====== Dataset records

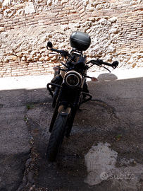 Vendo Moto Guzzi V7III STONE, come nuova, tagliandata, accessoriata, con ammortizzatori alti + gli originali come in foto. Gomma posteriore 140, bauletto e portapacchi, porta telefono e caricatore USB. Da notare gli specchietti e il proiettore.
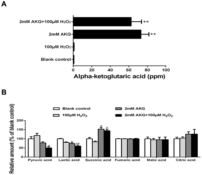 Figure 7: The TCA cycle intermediates, pyruvic acid, and lactic acid of IPEC-J2 cells. Cells were treated without (Blank control) or with 100 μM H2O2, 2 mM AKG, or 100 μM H2O2 plus 2 mM AKG, respectively. (A) Cellular AKG was determined. (B) Concentrations of pyruvic acid, lactic acid, and the TCA cycle intermediates (succinic acid, fumaric acid, malic acid, and citric acid) were determined. Data are expressed as means ± SEM of at least three independent experiments. *P < 0.05 and **P < 0.01.
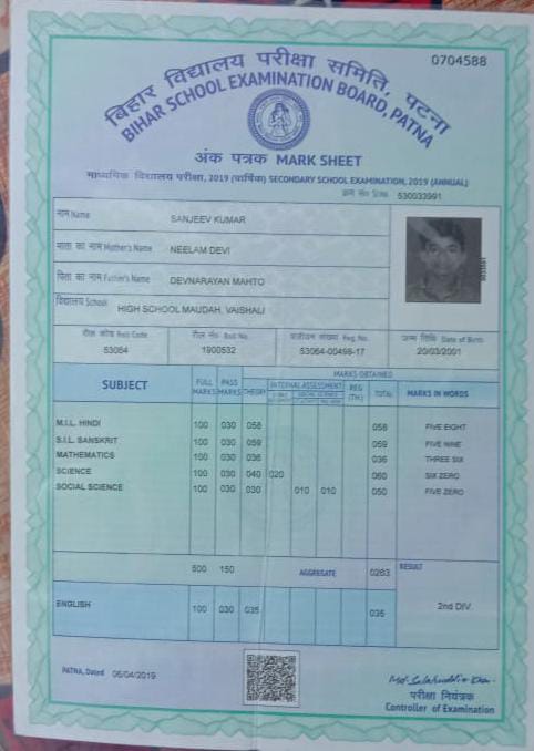 | Exam | Full Marks | Pass Marks | Marks Obtained |
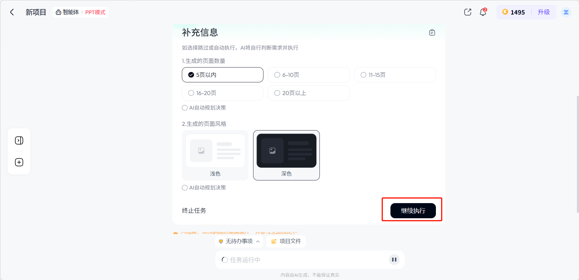 选择补充信息后点击「继续执行」,也可以跳过。等待一段时间后即可生成PPT。
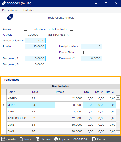 Una vez guardada la cabecera, si el parámetro "PRECIOSPORPROPIEDADES" está activo, aparecerá la grid de propiedades, y podremos generar las combinaciones de talla y color en las que queramos especificar un precio distinto al de la cabecera.
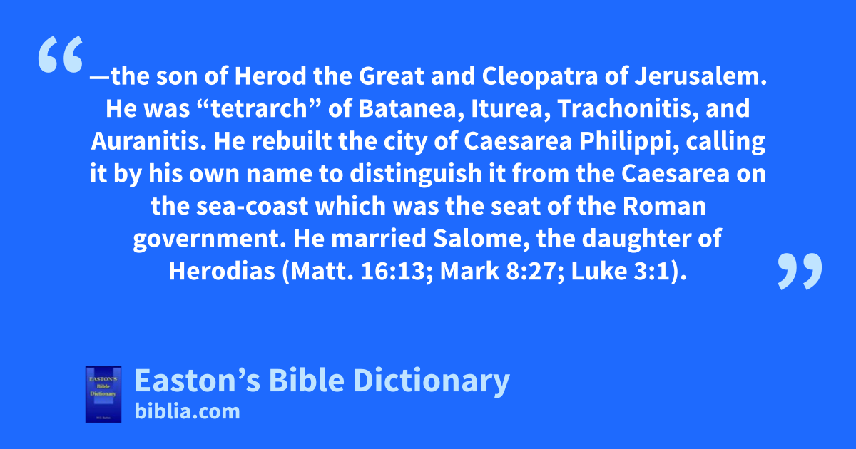 Herod Philip II.—the son of Herod the Great and Cleopatra of Jerusalem. He was “tetrarch” of Batanea, Iturea, Trachonitis, and Auranitis. He rebuilt the city of Caesarea Philippi, calling it by his own name to distinguish it from the Caesarea on the sea-coast which was the seat of the Roman government. He married Salome, the daughter of Herodias (Matt. 16:13; Mark 8:27; Luke 3:1).
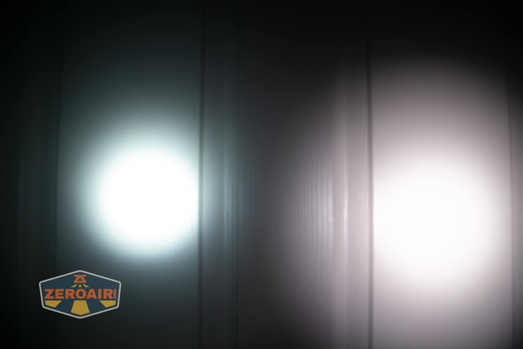 In the photo above, you may note that the SRM (standard reference material) flashlight for comparison has changed! I used a TorchLAB BOSS 35 for ages. Now, what you can see as the 18350 SRM is the Hanko Machine Works Trident. While I have not reviewed or tested the Gunner Grip version seen here, I have tested a Hanko Machine Works Trident Total Tesseract in brass. I love the Trident, and it’s a striking contrast next to the inexpensive Convoy S2+, which also makes a great standard reference material.
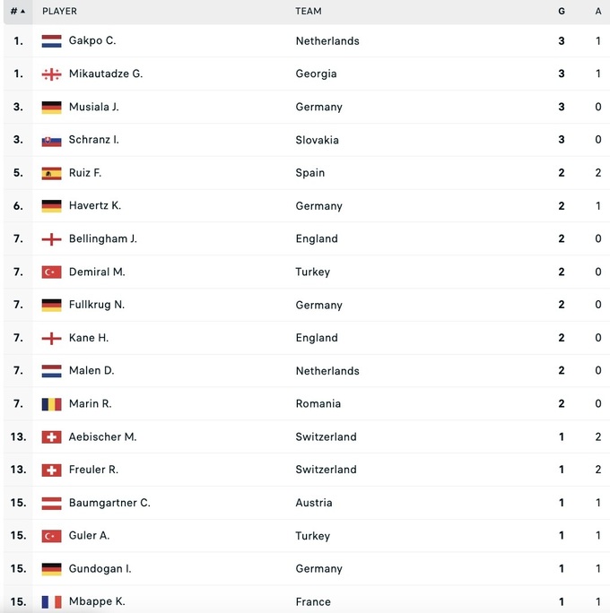 В списке лучших бомбардиров турнира нет единоличного лидера. Сразу по три гола забили Коди Гакпо (Нидерланды), Жорж Микаутадзе (Грузия), Джамал Мусиала (Германия), Иван Шранц (Словакия). Однако Микаутадзе и Шранц больше не смогут улучшить свои показатели, поскольку их сборные вылетели из турнира.
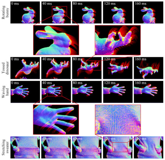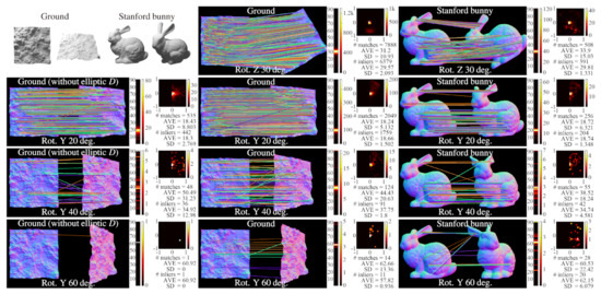 In all scenes in the figure, the proposed method detected and tracked interest points on normal maps in the same way on synthetic data. The interest points were detected mainly on bumpy surface or contours and this indicates the criteria in Equation (4) and the binary code extension for background worked as intended. Moreover, even when a target is non-rigid and includes unidentifiable repeated pattern like stitches in the stretching sweater scene, the proposed method succeeded in finding the correct pairs thanks to the criterion in Equation (8) and abolition of ratio test. However, some misleading interest points were detected and tracked where cast shadow occurred and correct normal vector cannot be obtained as the back ear shown in rotating bunny scene at . This deterioration arises from sensing, not the proposed method, and such problems can be improved by applying more sophisticated photometric stereo methods or a setup with more redundant lighting.
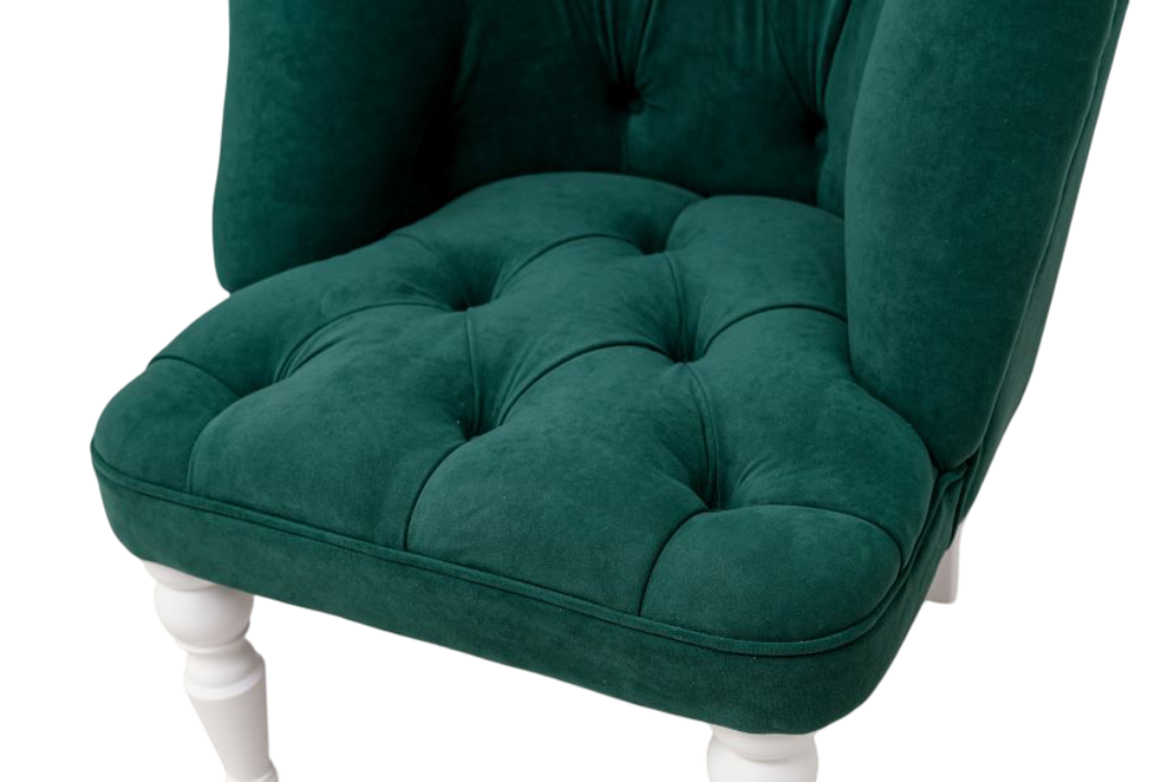 Шикарное кресло с каретной стяжкой прекрасно впишется как в классический, так и современный интерьер. Кресло изящно будет выглядеть в разных помещениях и станет ярким атрибутом, украсив ваш туалетный столик.
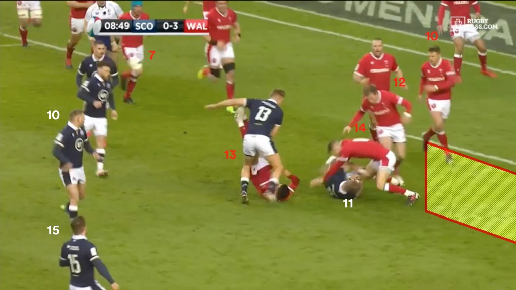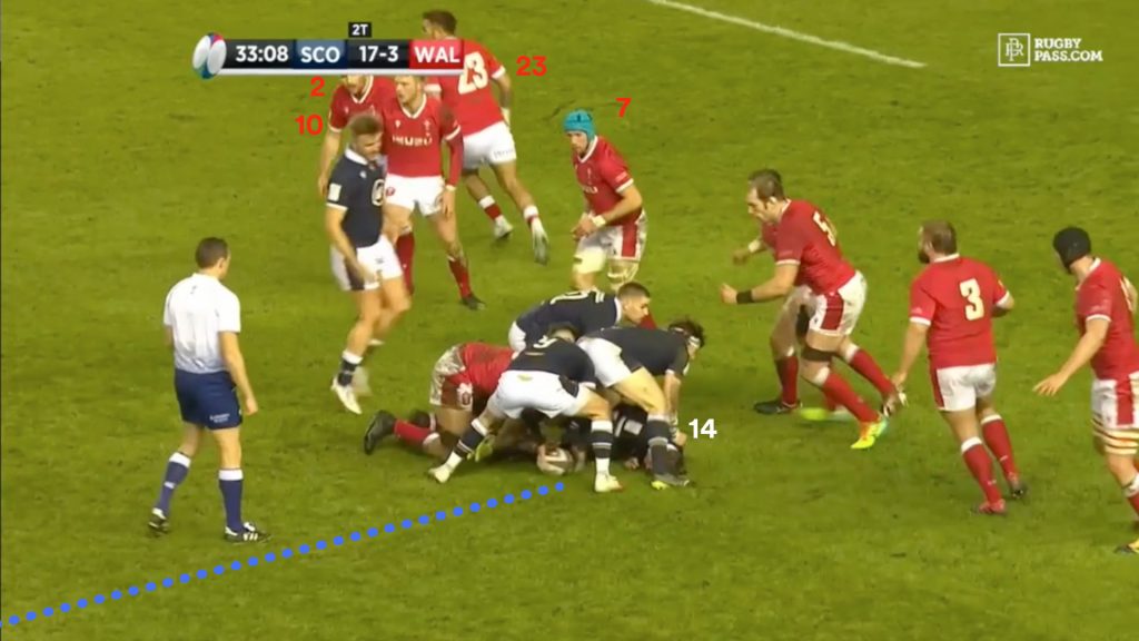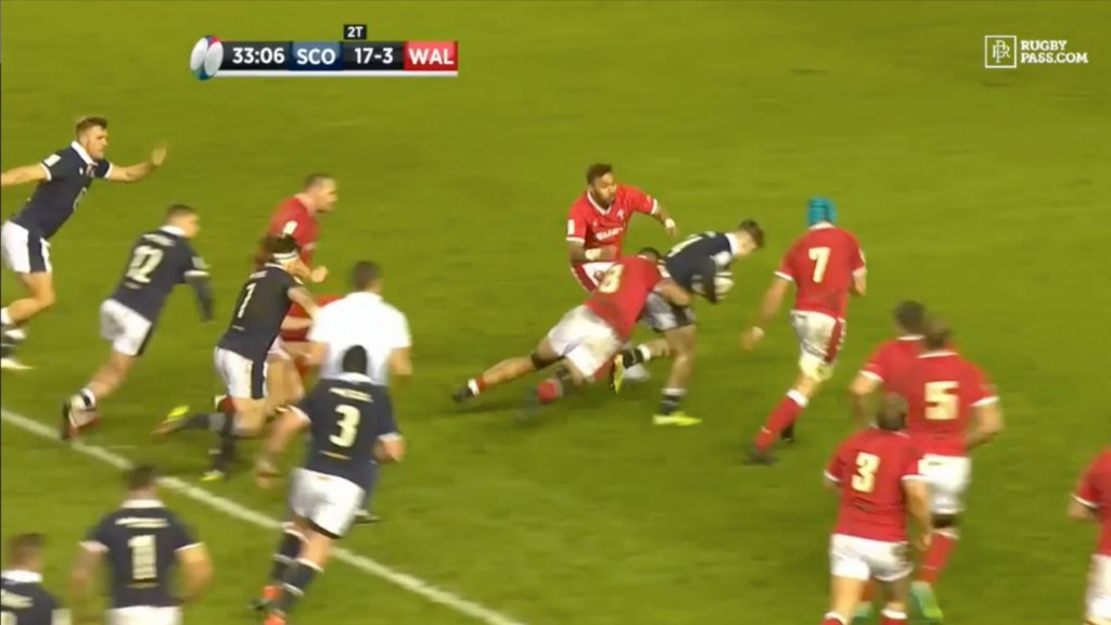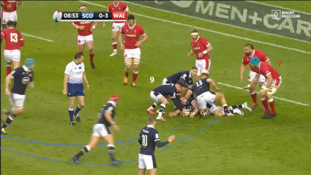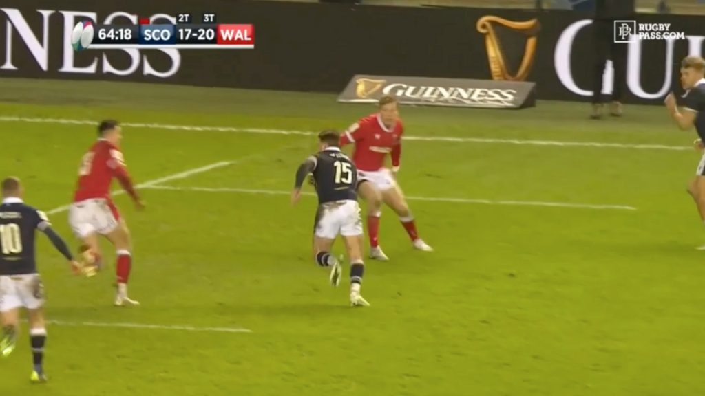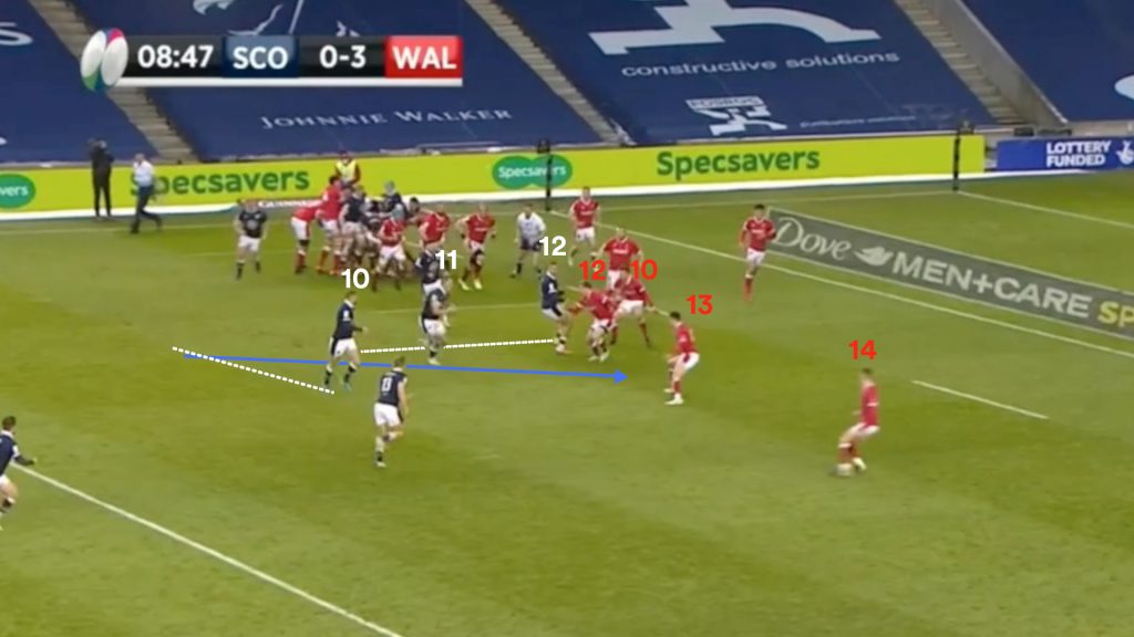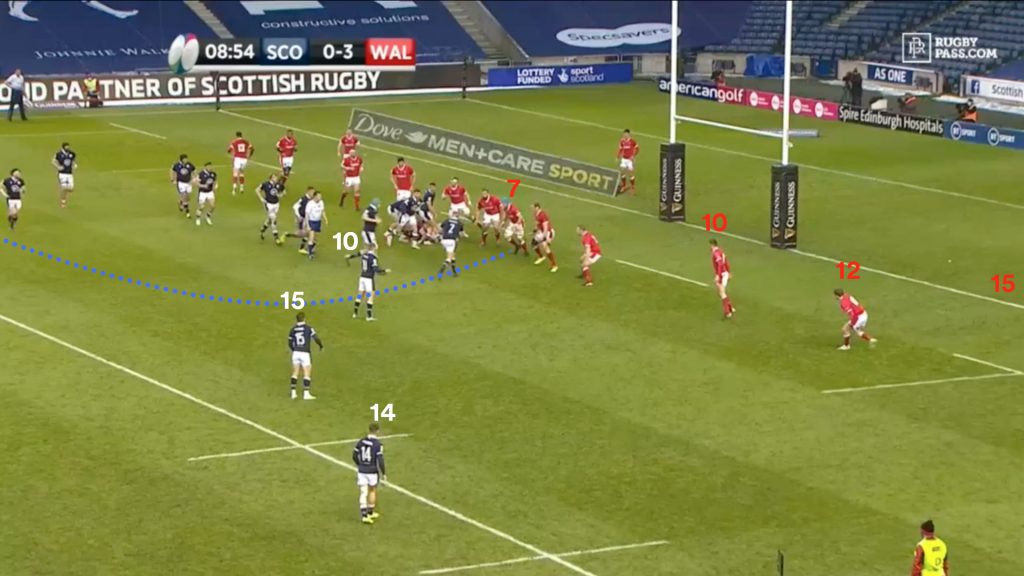 It’s not until the fourth opportunity, with a set-piece scrum inside five metres after multiple penalties, that Scotland attempt to stretch Wales on the first phase.
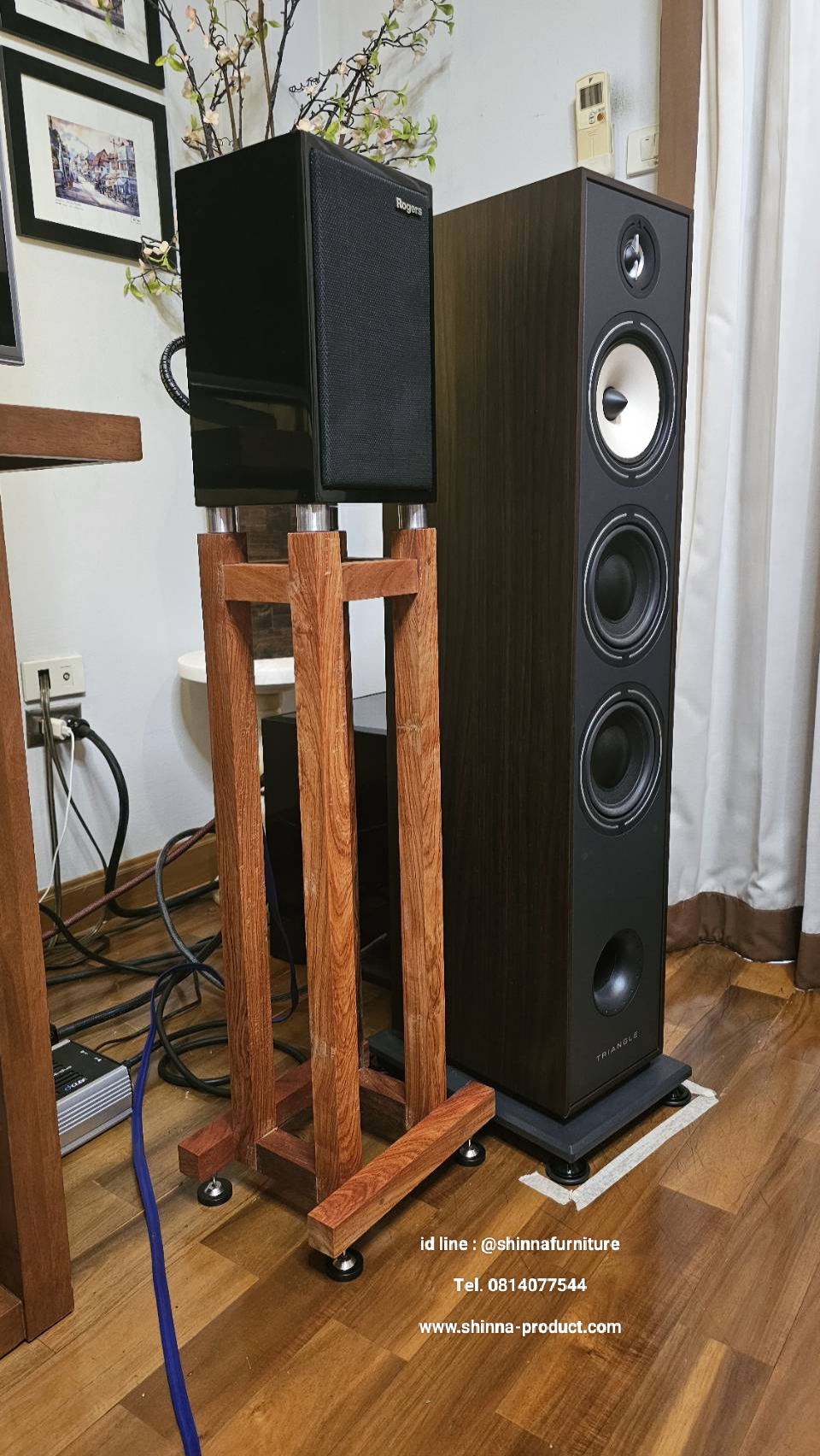 ขาตั้งลำโพงไม้ประดู่สำหรับลำโพงวางหิ้งทั้งหลาย คู่นี้ สามารถวางลำโพงวางหิ้งรุ่นดังได้หลายรุ่น เช่น roger ls3/5a. proac 1sc. Totem model 1. Harbeth 3p. หรือสามารถสั่งทำตามขนาดที่ต้องการได้ ความพิเศษของขาตั้งลำโพงรุ่นนี้คือ สามารถเลือกวางลำโพงได้หลายรูปแบบ
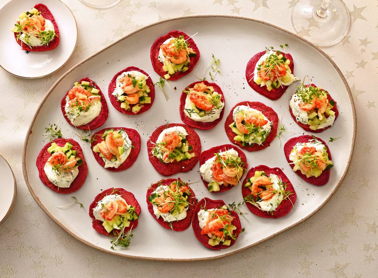 Als dit geen goed begin van het kerstdiner is! Het prachtige rood van de blini’s zelf, het beleg met dilleroom, komkommerpickle en rivierkreeftjes. Toch liever een vegan twist? Kijk maar bij de tips onder het recept!

============

** Your task **
Give again the stretch of lines above from the one with "In the photo" through the one with "В списке лучших", both ends kept, and copy no pictures.

** Written reply **
 In the photo above, you may note that the SRM (standard reference material) flashlight for comparison has changed! I used a TorchLAB BOSS 35 for ages. Now, what you can see as the 18350 SRM is the Hanko Machine Works Trident. While I have not reviewed or tested the Gunner Grip version seen here, I have tested a Hanko Machine Works Trident Total Tesseract in brass. I love the Trident, and it’s a striking contrast next to the inexpensive Convoy S2+, which also makes a great standard reference material.
 В списке лучших бомбардиров турнира нет единоличного лидера. Сразу по три гола забили Коди Гакпо (Нидерланды), Жорж Микаутадзе (Грузия), Джамал Мусиала (Германия), Иван Шранц (Словакия). Однако Микаутадзе и Шранц больше не смогут улучшить свои показатели, поскольку их сборные вылетели из турнира.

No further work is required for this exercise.